Pengasapan ini sebenarnya berfungsi untuk mengurangi atau menurunkan kadar air dalam tubuh teripang. Selain itu, juga memberikan rasa serta bau yang spesifik. Setiap jenis kayu bakar akan menimbulkan rasa dan bau yang spesifik. Oleh karena itu,  untuk membuat rasa dan bau yang tetap, harus menggunakan bahan bakar dari jenis  kayu yang  tetap  pula.

e.      Pengeringan
Teripang yang telah diasap masih mempunyai kadar air yang cukup tinggi sehingga perlu pengeringan sampai kadar air kurang dari 20 %.  Pengeringan yang mudah dan murah dapat dilakukan dengan penjemuran di bawah matahari.   Penjemuran dilakukan di atas para-para, umumnya  para-para  berada kurang  lebih  75 - 100  cm dari tanah. Para-para dibuat dari anyaman bambu.  Anyaman dibuat berlubang-lubang sehingga air dapat menetes dan tersedia aliran udara dari atas Teripang kering. Proses pengeringan tak boleh terialu mendadak maupun bawah. Hal ini akan mempercepat proses pengeringan secara sempurna. Apabila cuaca cerah, penjemuran dapat dilakukan 2 - 3 hari.
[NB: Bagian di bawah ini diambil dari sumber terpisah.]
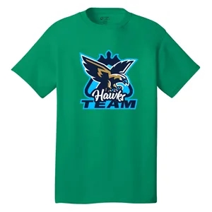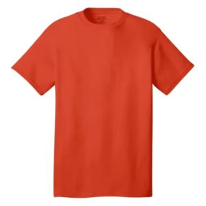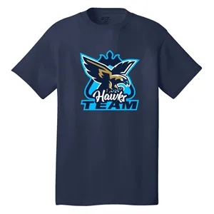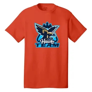 5.4 oz. cotton tee with tag-free label, 1x1 rib-knit collar, shoulder-to-shoulder taping, and double-needle hem.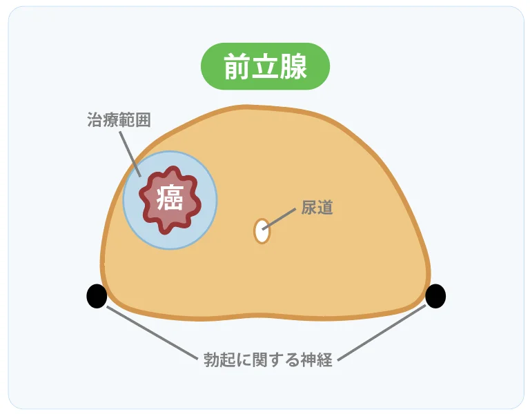 フォーカルセラピーでは、前立腺全体ではなく癌とその周囲のみを治療します。
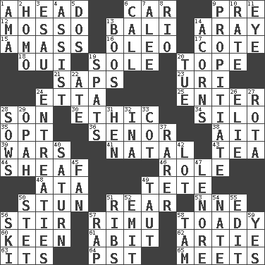 ACROSS 1. At or in the front 6. 4-wheeled motor vehicle 9. Before (prefix) 12. With motion or animation 13. Indonesian resort city 14. Like ___ of sunshine 15. Collect or gather 16. Butter sub 17. ____ d'Azur (French Riviera) 18. Fr. "Yes" 19. Not divided or shared with others 20. Drink excessively 21. Plant excrements 23. RI univ. 24. Singer James 25. Keyboard key 28. Manchild 30. Principle of right and wrong 34. Grain storage tower 35. Choose 36. Sir (Sp.) 38. Small island 39. Armed conflicts 41. Brizilian seaport 43. Beverage made from leaves 44. Bundle of cut stalks of grain 46. Hero or heavy, e.g. 48. "One Day ___ Time" 49. Wig 50. Surprise greatly 51. Located in or toward the back 53. Compass dir. 56. Use a swizzle stick 57. Tall New Zealand timber tree 58. Sycophant 60. Peachy ____! 61. "This won't hurt ____!" 62. Nick name for Arthur 63. It is 64. Pacific Standard Time (abbr.) 65. Confronts DOWN 1. Nursemaid (var.) 2. Like (prefix) 3. Son of Isaac 4. Help 5. Two (Sp.) 6. Give a ring to 7. Toward shelter 8. River (Sp.) 9. Conciliate 10. Assign a rank or rating to 11. Sight organ 13. Expressions of contempt or scorn 14. Oak nuts 19. Arguments over trivial matters 20. Third day of the wk. 22. Had dinner 24. Pleas 26. Writer Wiesel 27. Roll call or roster of names 28. Sty mamas 29. Brightly colored fish 31. Layer 32. _ tizzy (2 wds.) 33. Small bed 37. Less widely known 40. Titan orbits this 42. Car dealer's back yard 45. Avid follower 47. Poe poem 49. Strained 50. Proofreading order 51. Teases 52. Give off 54. Nathan's nickname 55. Prepare for publication 56. What Jean-Claude Killy likes to do 57. Reproach for some lapse or misdeed 58. Scottish cap 59. It is so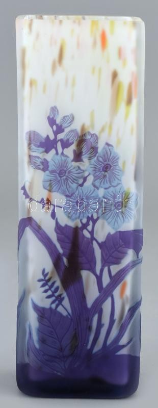 Beschreibung: Daum Nancy TIP jelzéssel: Díszváza. Fújt üveg, überfangglas, savmaratásos technikával díszített. Kopásnyomokkal. m: 20 cm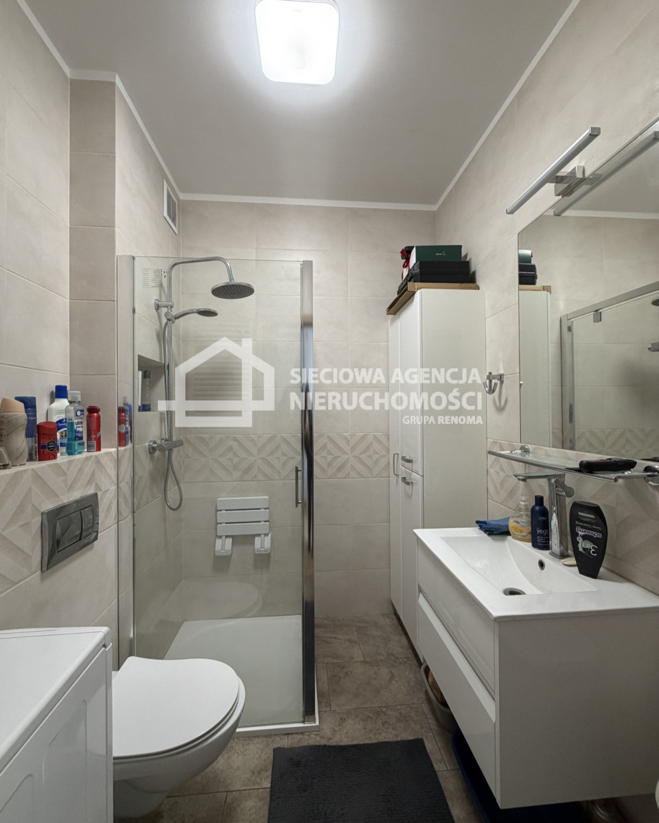 - łazienka z kabiną prysznicową i WC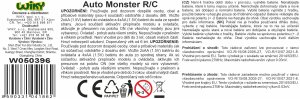 Auto Monster RC na diaľkové ovládanie. Rozmery 29x22x21 cm. Frekvencia 27MHz. 4xAA batérie do auta, 2xAA do ovládača nie sú súčasťou. Prevádzka 15-20 min, dosah 10-15 m. Prepínač ON/OFF na spodnej strane auta a na ovládači.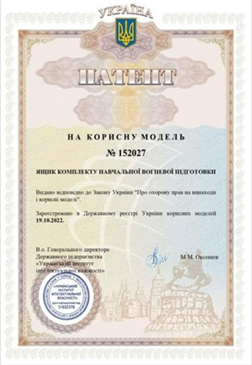 1. Патент на полезную модель № 152027 от 19.10.2022 г.;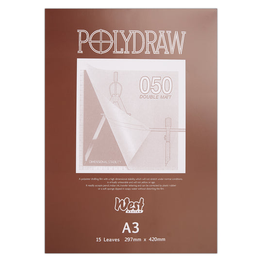 Westfilm Polydraw Polyester Drafting Film Pad, Clear, A3, 50 Microns, 15 Sheets, For Pencil, Ink, Transfer Lettering, Double-Matt Texture, Technical, Untearable, Will Not Yellow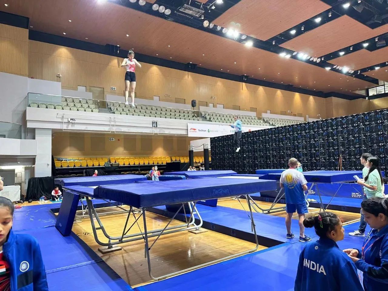 为服务好本届蹦床锦标赛,开云体育保障人员严格按照赛事服务手册开展工作,从场馆的规划布局、器材的安装调试、标准高度的校准、过程巡检等各个环节,一丝不苟、严谨细致,确保蹦床器材安装的准确无误,始终践行国际赛场上的中国标准,见证开云体育全领域规划、设计、制造、集成、运营、服务一站式解决方案的发展理念。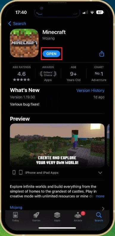 Update Minecraft in de App Store
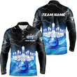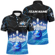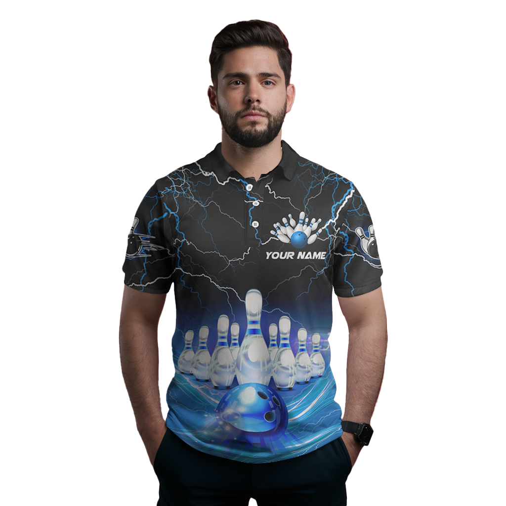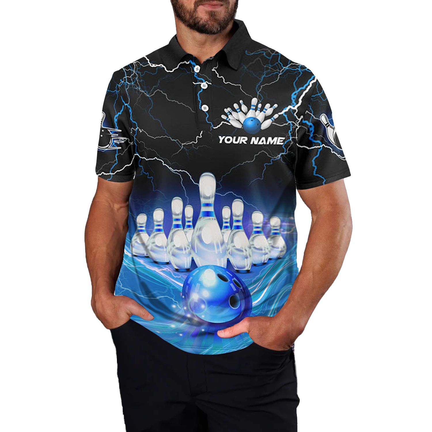 Blue Lightning Thunder Men's Bowling Polo Shirt - Custom Team Jersey N7419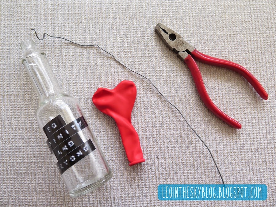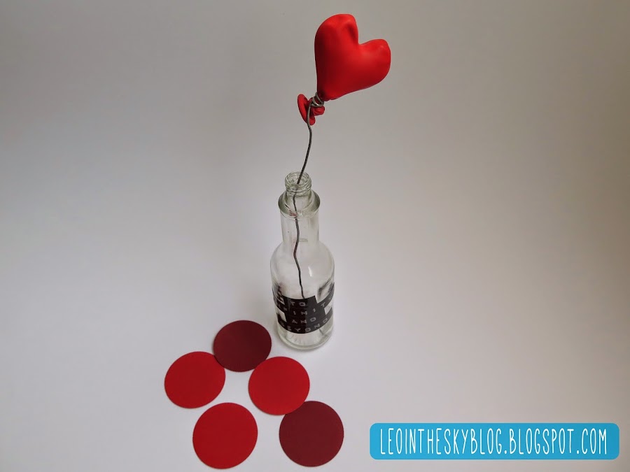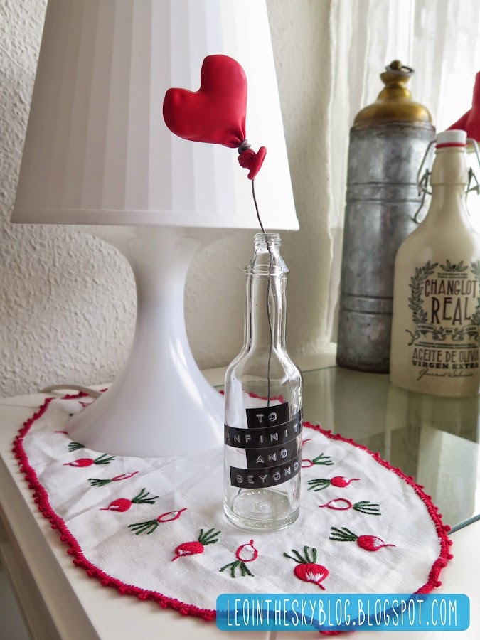 Después pegué con cuidado las palabras sobre la botellita y en principio ya estaría terminada la botellita con mensaje. Entonces me surgió una duda, ¿le pongo una flor?, ¿un pequeño pompón pegado en una ramita?, ¿hago una flor de papel? y en esas estaba cuando de pronto me encontré con un globo con forma de corazón y lo tuve claro clarísimo.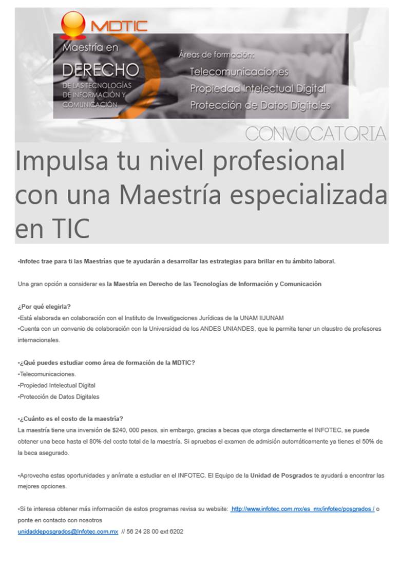 11,825 México, INFOTEC, Maestría en Derecho de las Tecnologías de la Información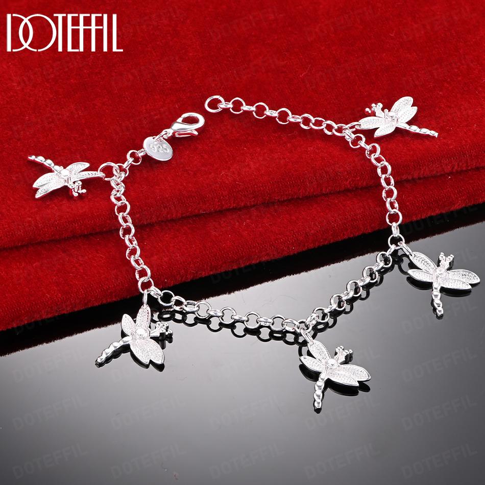 Свадебные украшения из стерлингового серебра 925 пробы, подвеска в виде стрекозы, подарочный браслет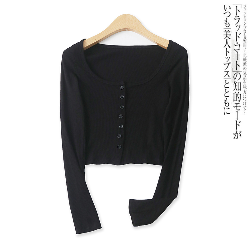 短开衫春秋季新款外贸女装百搭大U领单排扣修身长袖螺纹T恤16211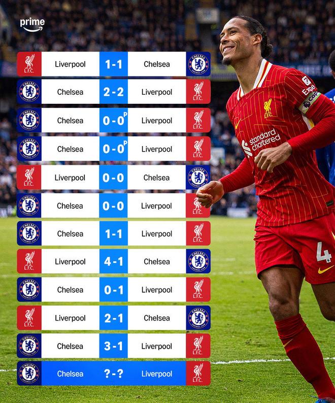 据统计,自2021/22赛季至今,最近11次直接对话中,常规时间内切尔西面对利物浦的战绩为1胜7平3负,只赢下了一场比赛;如果算上点球大战的最终比分结果,切尔西对阵利物浦的最近11次交手,更是惨淡的1胜5平5负。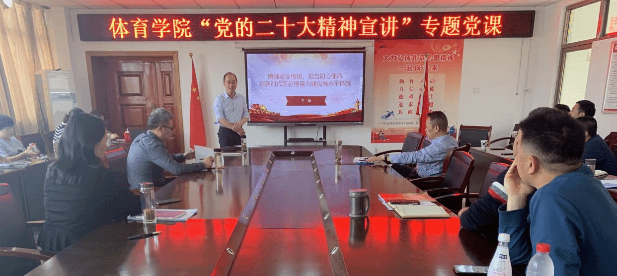 4月12日下午,XCSport在体育馆三楼会议室举办“党的二十大精神宣讲”专题党课。XCSport副书记、纪委书记王玮以“赓续革命传统,担当初心使命,在新时代新征程奋力建设高水平体院”为题,给公司全体教工党员讲授党课。

Pengeringan dapat pula dilakukan dengan alat pengering mekanis, tetapi harus dipertimbangkan tentang harga, ketersediaan bahan bakar, listrik, serta  efisiensinya.   .Pengeringan  dengan  cara  ini  umumnya diterapkan oleh eksportir dalam upaya pengolahan ulang untuk perbaikan mutu. Atau, dipergunakan pada kondisi yang memaksa. Jika terlalu mendadak,  mengakibatkan terjadinya kerutan-kerutan pada tubuh teripang. Kerutan-kerutan ini tidak mungkin diperbaiki lagi sehingga akan menurunkan mutu.
f.       Penyimpanan

Teripang kering olahan mengandung garam dan bersifat higroskopis sehingga penyimpanan harus diusahakan pada suhu ruang yang tidak terlalu tinggi  dan  kelembapannya  rendah.  Teripang  kering  ini  harus diletakkan langsung di atas para-para dan disusun rapi agar tidak menghambat sirkulasi udara. Tempat penyimpanan yang baik harus terlindung dari sinar matahari, tidak terkena air hujan, pertukaran udaranya cukup baik, dan hanya khusus untuk penyimpanan teripang. Jika tidak memenuhi syarat ini, akan  menyebabkan  tumbuhnya  jamur  dan  mikroorganisme pembusuk serta menigkatnya kadar  air.